Formerly, if you wanted iron or steel, you would need to go to an ironworks or even a blacksmith's and negotiate directly with the men who made it.

Whoever smelted, dealt it.

How is France like francium?

They both burst into flames when coming in contact with anything.

As a true American Patriot I always put phone numbers I want to ignore under the contact "Freedom"

Because I always let Freedom Ring.

A civilization of sentient deer may sound interesting

But I get the strange feeling that they'd make no progress in advancing their own culture once they come into contact with humans.

I guess that's what happens when you encounter Stagnation

I'm bad at reading social cues, can't make eye contact, am really good at drawing, and don't pick up on sarcasm...

I think I might be artistic.

How do you contact dead window cleaners?

Use a squeegee board.

What's the difference between a Catholic and a Baptist?

A Catholic will make eye contact with you at the liquor store.

Warning labels are stupid.

I bought some deodorant and it said on the can, "Avoid contact with eyes" TOO LATE, I'd already seen it

Doctor Shroedinger? This is the Animal Clinic calling;

Apparently your cat, FlΓΌffy, is both simultaneously dead and yet alive.

We're sorry for your loss.

Our resident String Theorist will contact you.

He can explain everything.

8{>

My wife and I have reached the difficult decision that we do not want children.

If anybody does, please just send me your contact details and we can drop them off tomorrow.

How to you contact tiny gangsters from beyond the grave?

Wee G Board

My Tylenol bottle says "DO NOT TAKE IF SEAL NOT PRESENT."

Does anyone know how to contact him?

A doctor says to his patient "I have bad news and worse news."

"Let's start with the bad news." Says the patient.

"Well..." Says the doctor "You only have 24 hours left to live."

"I can't imagine what could be worse than that." Says the patient.

"Well..." Says the doctor "I've been trying to contact you since yesterday."

It's not gay if you don't make eye contact

At least that's what my dad said

A fly flew into my boyfriend's eye...

Told him they'd stop bugging him if he made less eye contact.

You never know how far you're going to get with a girl on a first date.

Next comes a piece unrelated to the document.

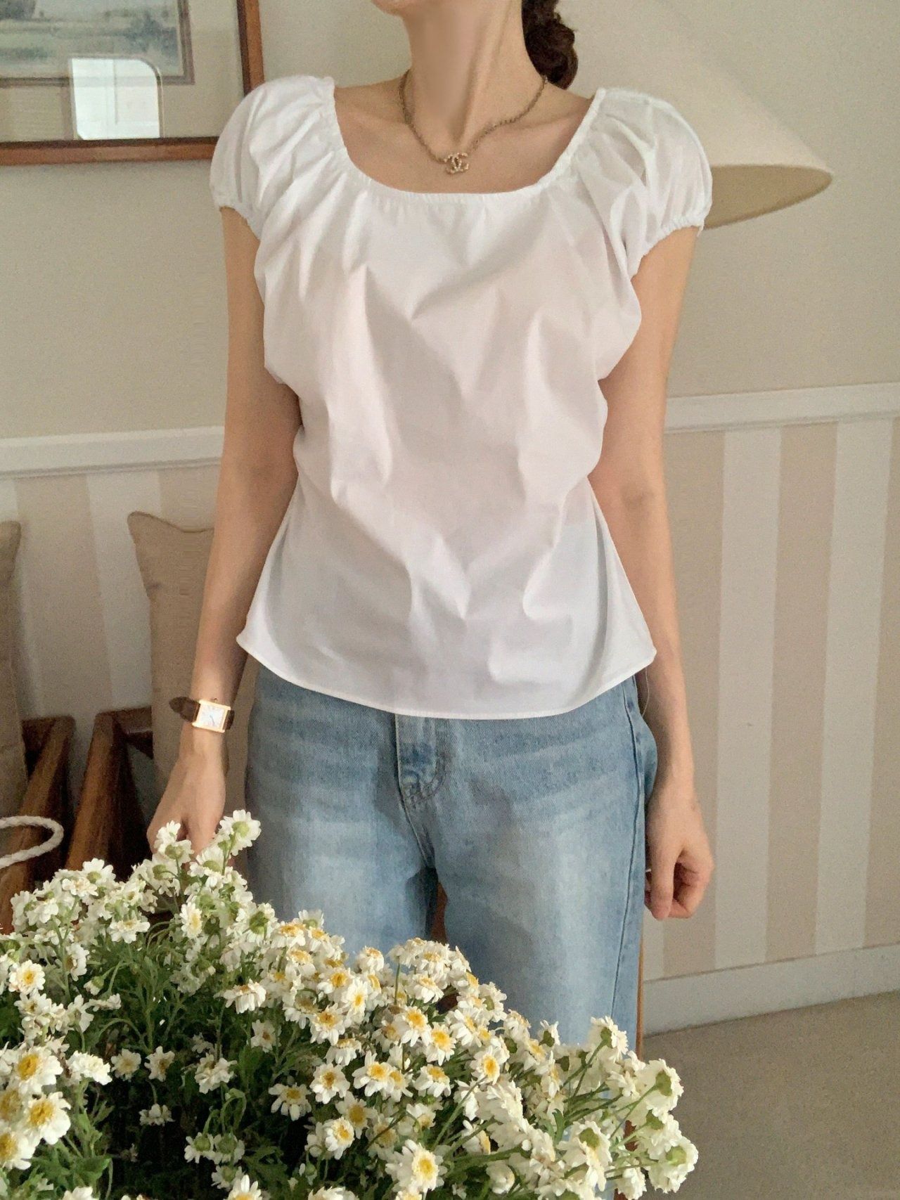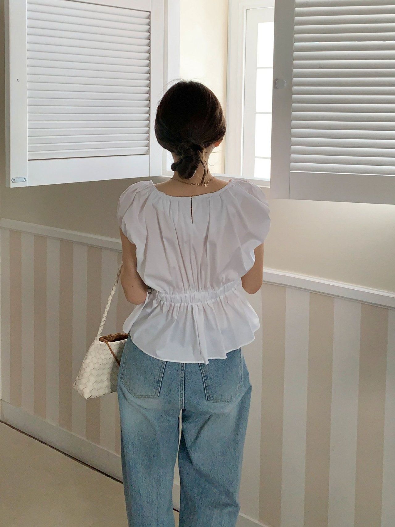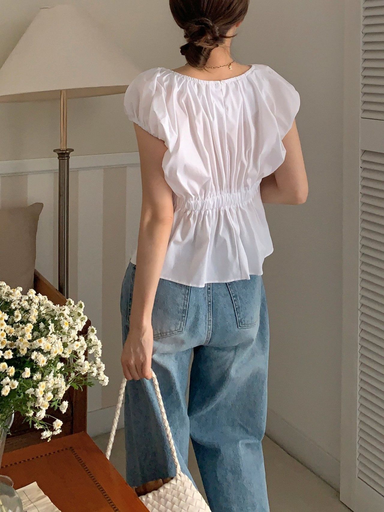 韓國女裝連線 - 顯瘦後背抓褶造型包袖襯衫-白 (FREE)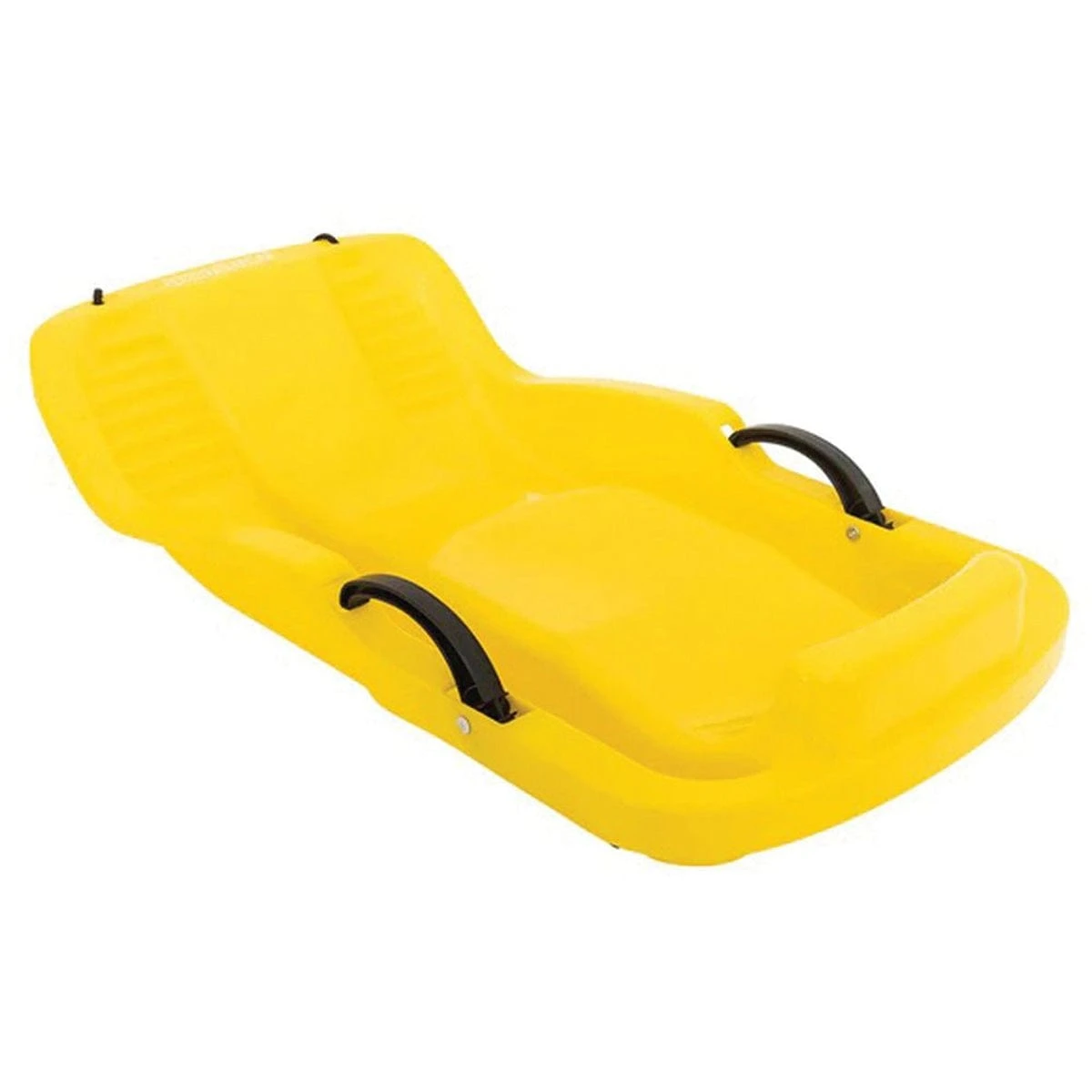 Don’t let the simple design of this Sportsstuff snow sled with brakes fool you! It has a classic toboggan-style design, but it packs a punch when it comes to extra modern features. First, there’s the extremely durable plastic construction, which wont break or snap like ordinary sleds. It also has two molded handles with brake access, so you can slow down or stop whenever you need to. Lastly, the high-quality rope helps you transport your heavy-duty plastic snow sled with ease. Color: yellow.

To break the ice I go in for a tickle. It's a good bet your going to have a good night if she doesn't mind some contact with a test-tickle.

Doctor Appointment

**Doctor**: I have bad news and worse news; the bad news, you only have 24 hours left to live.

**Guy**: Oh no, how can the other news possibly be worse?

**Doctor**: Well, I've been trying to contact you since yesterday.

What's the difference between an airplane and an abortion?

Only one doesn't fly after coming into contact with a hanger

A plumber

is fixing some water pipes in the kitchen when suddenly the housewife comes in.
-Beware of my husband, he is gonna be home in an hour!
The plumber make eye contact with the lady in the kitchen door and asks.
-Why, I have done nothing inappropriate?
She quickly replies.
-That's why I'm telling you we still have an hour!

My wife left a note on the fridge that said, "This is not working"

I should probably contact a therapist to help with my relationship issues. Maybe it's not too late.

Interview (casting) :

- Please, list your 1 strong feature
- I'm persistent
- Thank you, we will contact you later
- I'll wait here

I don't like trying to contact our unborn child.

But my wife gets a kick out of it.

Condescending

A midget convict was escaping out of a window, and as he lowered himself down I was walking past, and we made eye contact and he sneered at me and I thought "that's a little condescending". (Say it out loud)

Fighting COVID-19 by contact tracing and quarantining those with connections to infected people means that...

Poor Kevin Bacon never gets to leave his home.

I deleted all my German friends from my cell phone contact list.

Now I'm Hanns free.

There is an abundance of vega jokes out there. You're fortunate to read a set of the 65 funniest jokes and contact puns. Full with funny wisecracks it is even funnier than any communicate witze you can hear about contact.

Use only working piadas for adults and blagues for friends. Note that dirty and dark jokes are funny, but use them with caution in real life. You can seriously offend people by saying creepy dark humor words to them.